• **Source data**:
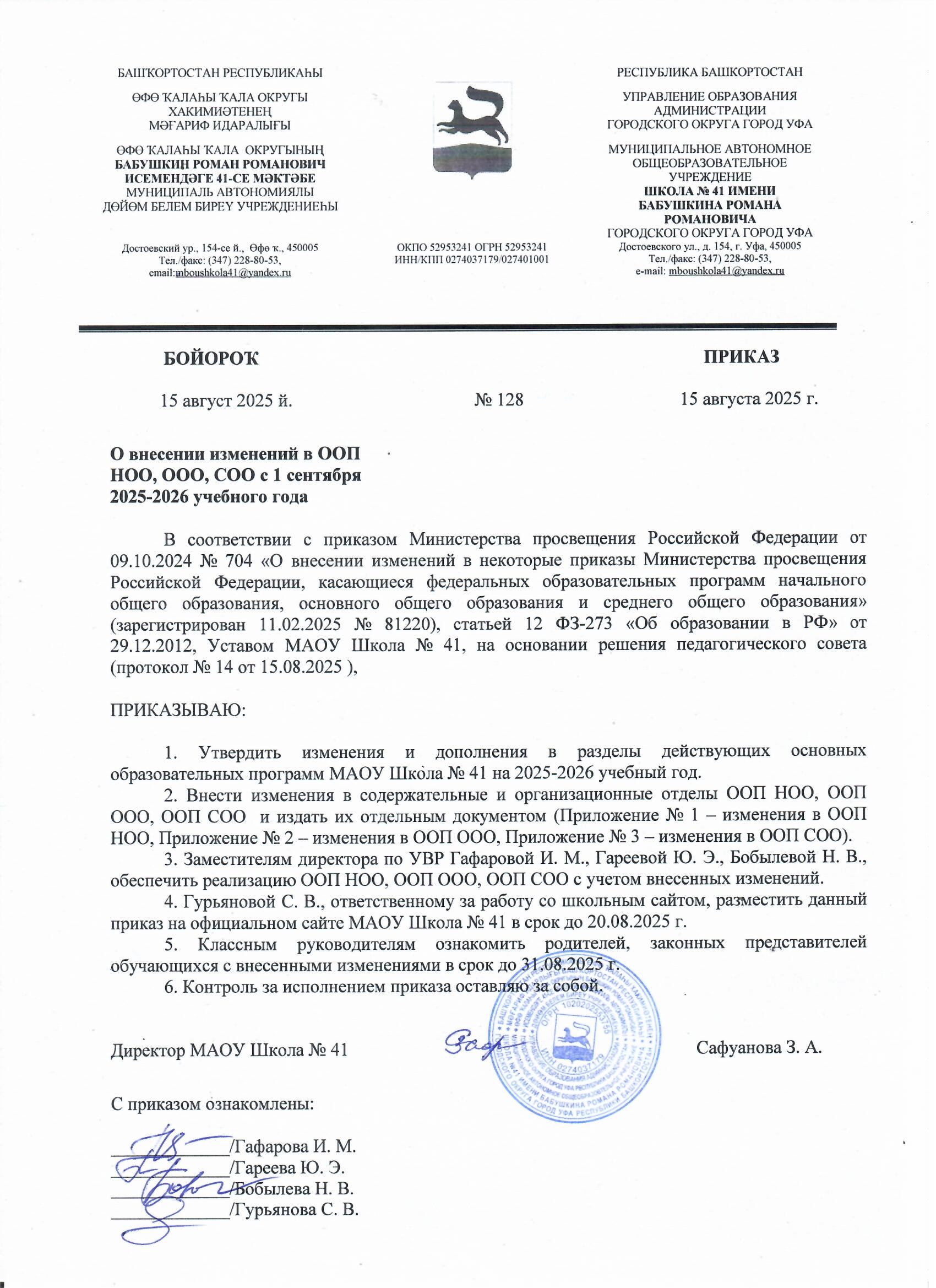 ОСНОВНАЯ ОБРАЗОВАТЕЛЬНАЯ ПРОГРАММА СРЕДНЕГО ОБЩЕГО ОБРАЗОВАНИЯ | Английский язык, Русский язык, Башкирский язык, Родной язык и литература, Математика, Физика, Физкультура, Химия, ОБЗР, Информатика, География, История, Обществознание, Биология, Литература. |
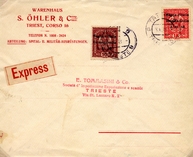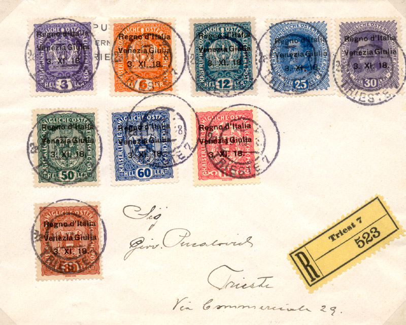 Under the terms of the Treaty of London (April 26th 1915) Italy joined the war on the side of the Allies in return for the promise of Trentino (Trento) and the Istrian peninsula, including Trieste. Italian forces entered Trento and Trieste on November 3rd 1918 and the following day the Austrians signed an armistice. The first stamp issues for the newly acquired territory were of a provisional nature. In Venezia Giulia the overprint on the then current Austrian stamps read "Regno d’Italia / Venezia Giulia / 3. XI. 18". The inclusion of Venezia Giulia into Italy was not confirmed until June 1921 at the Paris Peace Conference. Italy had included the port of Fiume in her demands but this was not acceptable to the allies
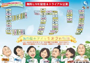即興ミュージカル「ヒカリ~あの日のアメとキオクの物語~配信トライアル公演」を緊急実施!!客席やインターネットコメントから事前に単語や台詞を募集し、舞台上に配置。演者同士の打ち合わせや事前開示無しで劇本番中に演者がランダムに引き、即興で台詞や曲にしてストーリーを繋ぐ観客参加型の即興ミュージカル劇。
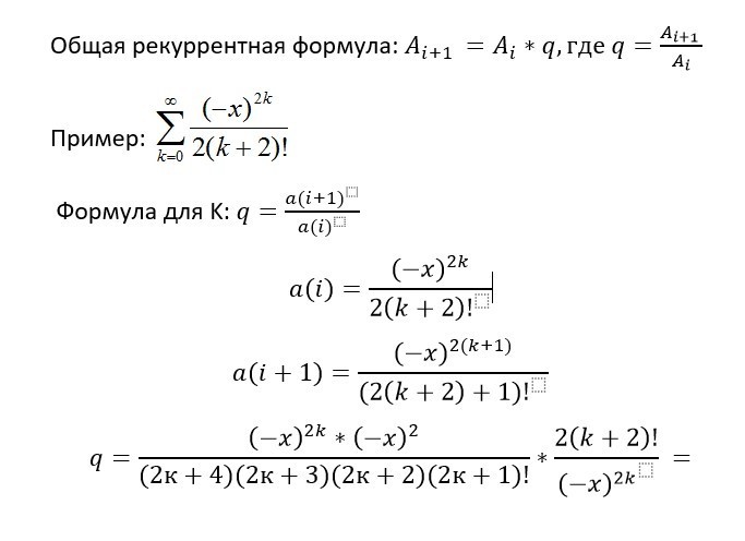 Составить рекуррентную формулу для следующего ряда. Я пробовал решать (рисунок 2), но запутался. Объясните, как составить рекуррентную формулу для данного ряда. Заранее благодарен!
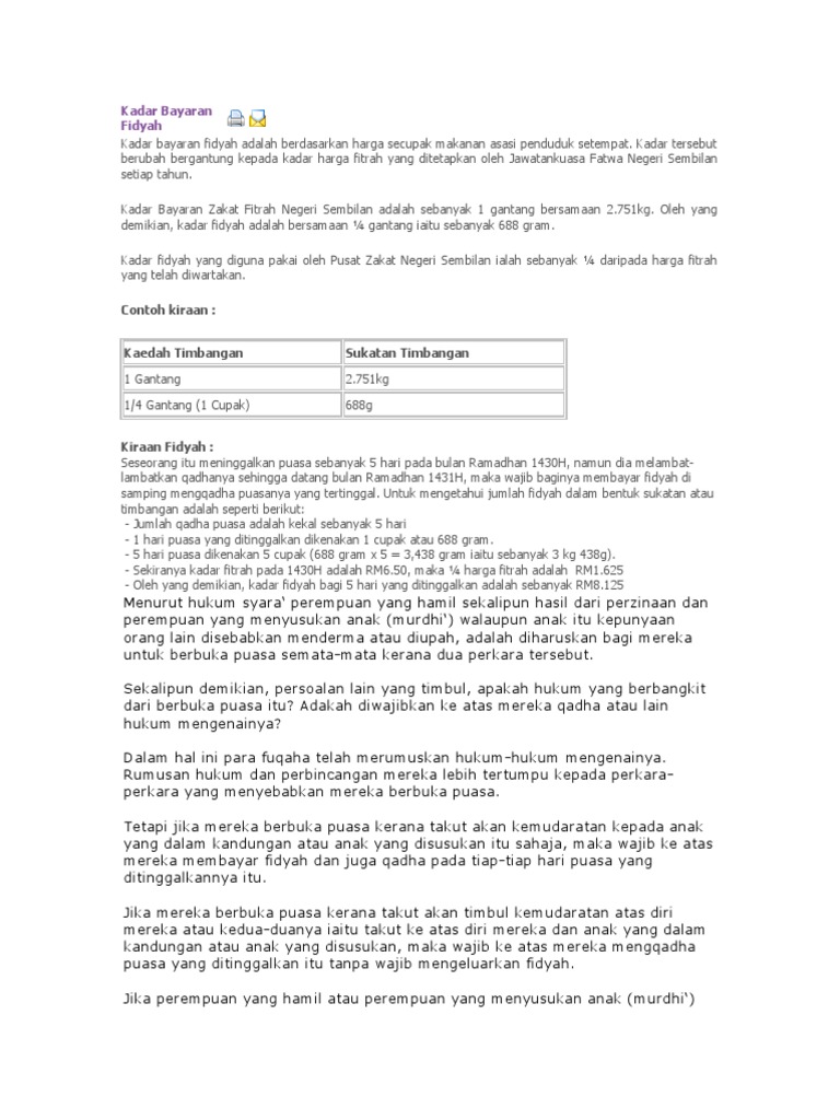 Kadar Fidyah Keputusan Mesyuarat Jabatan Mufti Kerajaan Negeri Negeri Sembilan Facebook
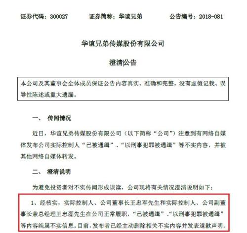 9月10日晚间,华谊兄弟发布澄清公告称,实际控制人、公司董事长王忠军和实际控制人、公司副董事长兼总经理王忠磊在公司正常履职,“已被通缉”、“以刑事犯罪被通缉”等内容纯属不实信息。目前,发布者已经主动删除相关不实内容并发表道歉声明。
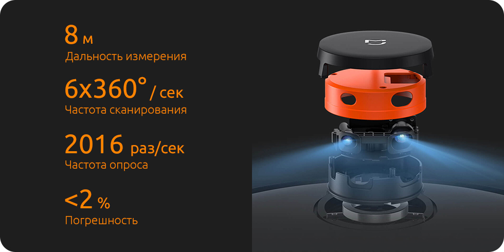 Новая система лазерной навигации LDS использует комплексные алгоритмы определения местоположения и кусочной аппроксимации. Чем быстрее вращается сенсор, тем выше точность, и тем дальше видит пылесос. В новом поколении карты составляются еще быстрее и точнее, а также увеличен диапазон сбора данных, чтобы пылесос быстрее обживался в новой обстановке.
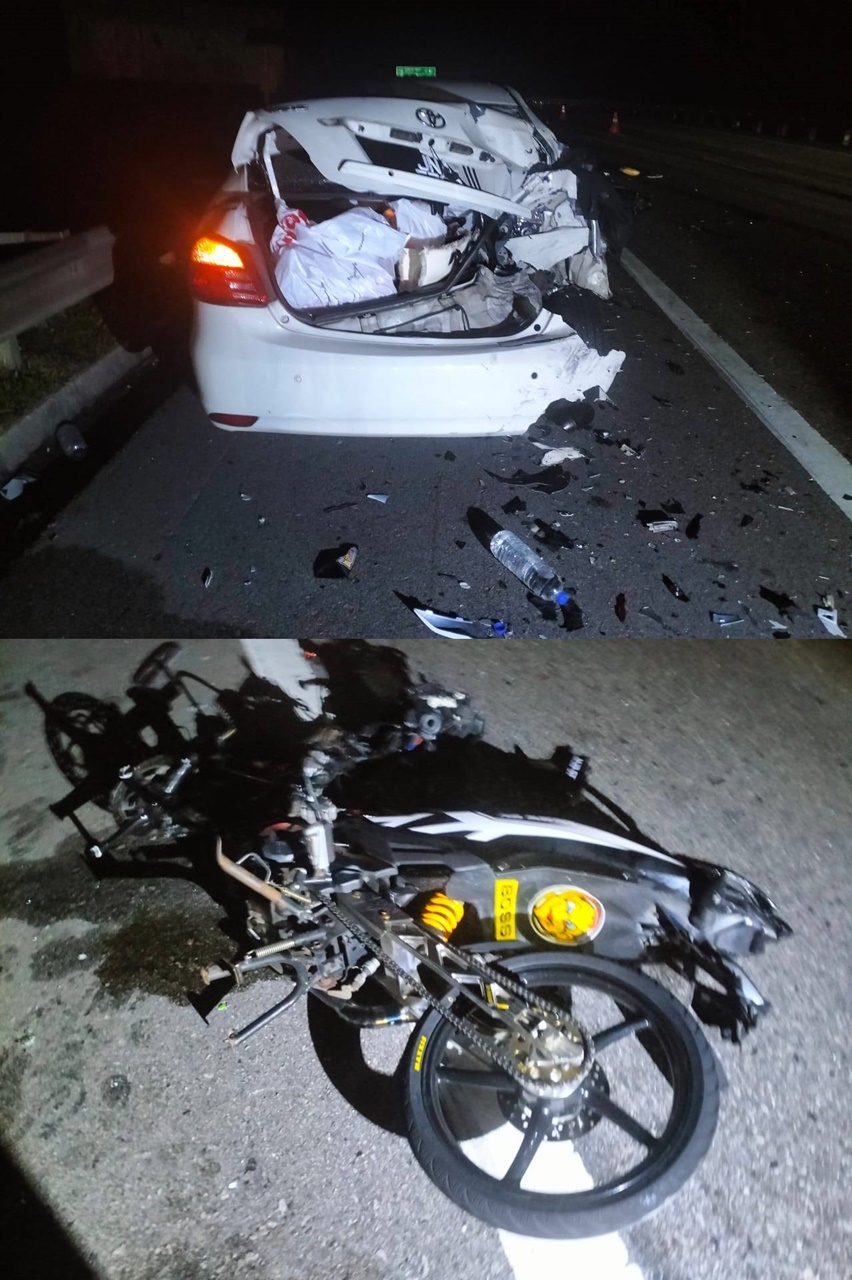 (峇株巴辖27日讯)轿车因引擎故障,停在紧急车道等候救援,结果青年摩哆骑士撞及送命。
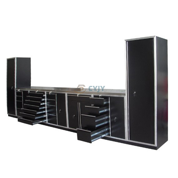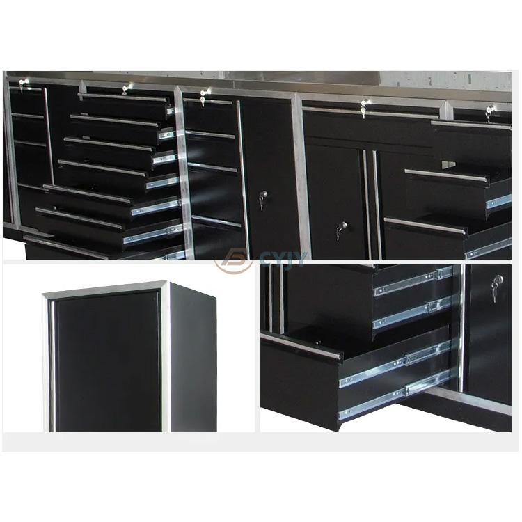 Özelleştirilmiş garaj dolabı üreticisi CYJY, damgalı ağır metal garaj dolaplarını gururla piyasaya sürüyor. Garaj eşyalarınızı düzenlemek ve depolamak için nihai çözümdür. Bu dolap seti, garajında veya atölyesinde ek depolama alanına ihtiyaç duyan herkes için mükemmeldir. Bu dolap setinin en önemli satış noktalarından biri, kilitli çelik bilyalı ray kızaklarıdır.
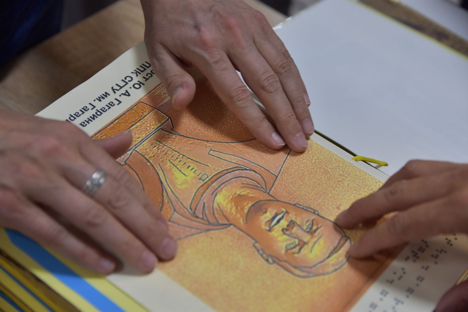 При создании альбома были использованы все возможные специальные форматы, адаптированные для основной категории наших читателей. Это укрупнённый шрифт, рельефно-точечный шрифт Брайля, изображения в цвете на всю страницу А4 для максимально удобного распознавания слабовидящими, рельефно-графические иллюстрации, адаптированные для восприятия изображения незрячими. И новый формат — постраничное аудиосопровождение!
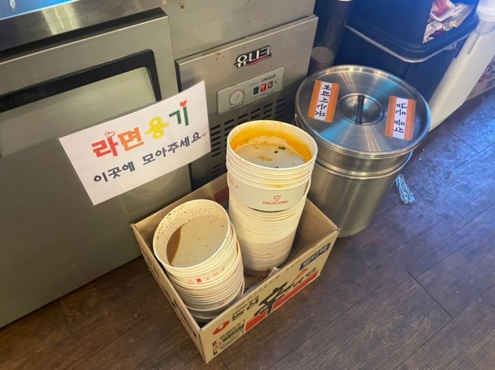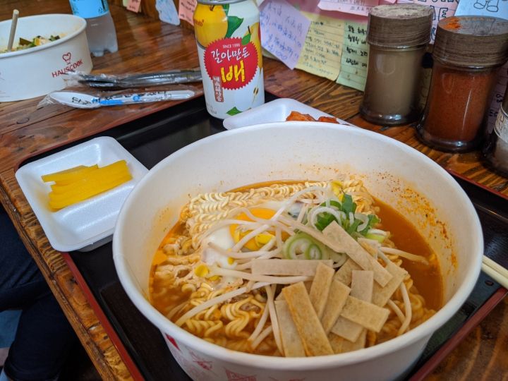 韓国土産にも人気のインスタントラーメンが、ずらりと並んでいて、セルフで作って食べられるお店…というか空間です。ハンガンのコンビニとかでラーメンを作った事がある方もいるかと思いますが、それの都心版ですね。ラーメン一袋3,000ウォン程度と値段は割高です。
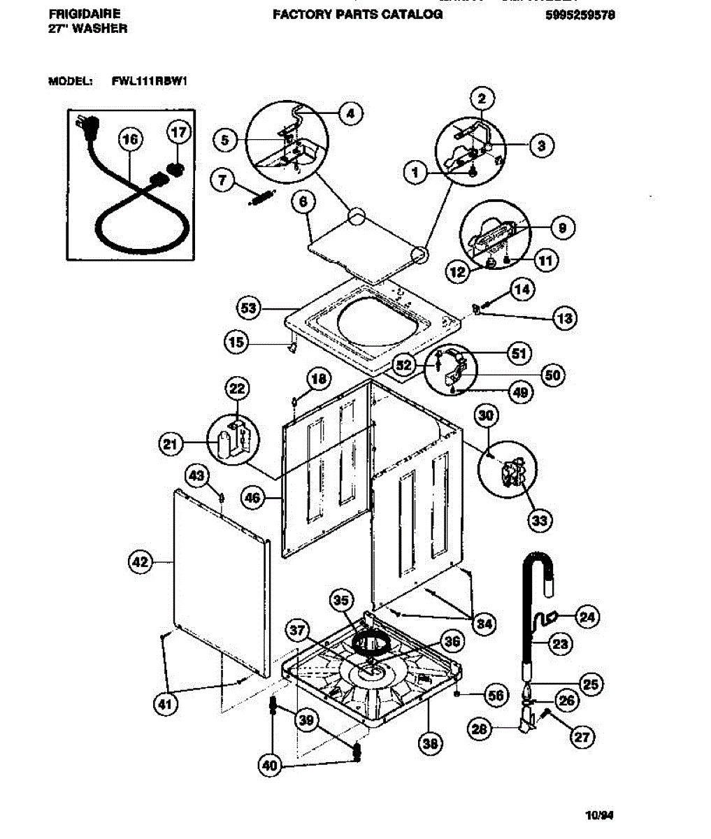 The Cord is an OEM replacement part for Frigidaire washing machines. Extending from the rear of the unit, it safely powers the washer through a connection to a wall outlet.
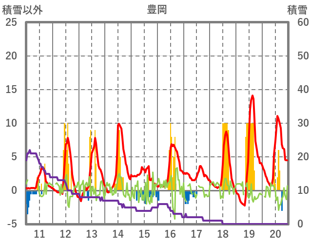 | 日 | 時 | 気温 | 降水 | 風向/風速 | 日照 | 積雪 | 降雪 |
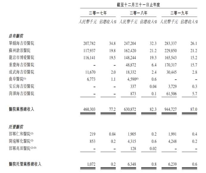 集團各旗下醫(yī)院對收入貢獻(來源:招股書)
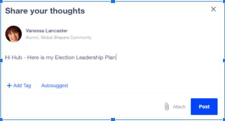 - Begin your post: "Hi, hub! Here is my election leadership plan..."
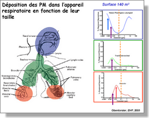 Fraction PM2,5 – PM1 : dans les voies aériennes à différents niveaux avec accumulation au niveau des fourches.
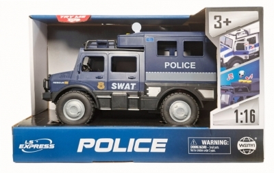 Samochód policyjny z efektami dźwiękowymi i świetlnymi. Pojazd wydaje dźwięki odpalania silnika czy syreny alarmowej. Zabawka działa na baterie AG13. Baterie znajdują się w zabawce. Zabawka przeznaczona dla dzieci od lat 3. Zabawka zapakowana w kartonowe pudełko. Podane wymiary są wymiarami opakowania.
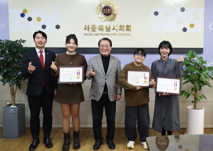 26일 서울특별시의회 김규남 의원(국민의힘, 송파1)의 주관으로 서울시의회 본관에서 전 아나운서이자 통·번역가인 이윤진 씨와 그의 자녀 이소을 양, 이다을 군에 대한 서울특별시의회 의장 표창 수여식이…

• **Task instructions**: Look above for the line with "Under the terms" and the line with "即興ミュージカル「ヒカリ~あ", then copy exactly the lines from the first through the second, both kept, with no pictures.

• **Final answer**:
 Under the terms of the Treaty of London (April 26th 1915) Italy joined the war on the side of the Allies in return for the promise of Trentino (Trento) and the Istrian peninsula, including Trieste. Italian forces entered Trento and Trieste on November 3rd 1918 and the following day the Austrians signed an armistice. The first stamp issues for the newly acquired territory were of a provisional nature. In Venezia Giulia the overprint on the then current Austrian stamps read "Regno d’Italia / Venezia Giulia / 3. XI. 18". The inclusion of Venezia Giulia into Italy was not confirmed until June 1921 at the Paris Peace Conference. Italy had included the port of Fiume in her demands but this was not acceptable to the allies
即興ミュージカル「ヒカリ~あの日のアメとキオクの物語~配信トライアル公演」を緊急実施!!客席やインターネットコメントから事前に単語や台詞を募集し、舞台上に配置。演者同士の打ち合わせや事前開示無しで劇本番中に演者がランダムに引き、即興で台詞や曲にしてストーリーを繋ぐ観客参加型の即興ミュージカル劇。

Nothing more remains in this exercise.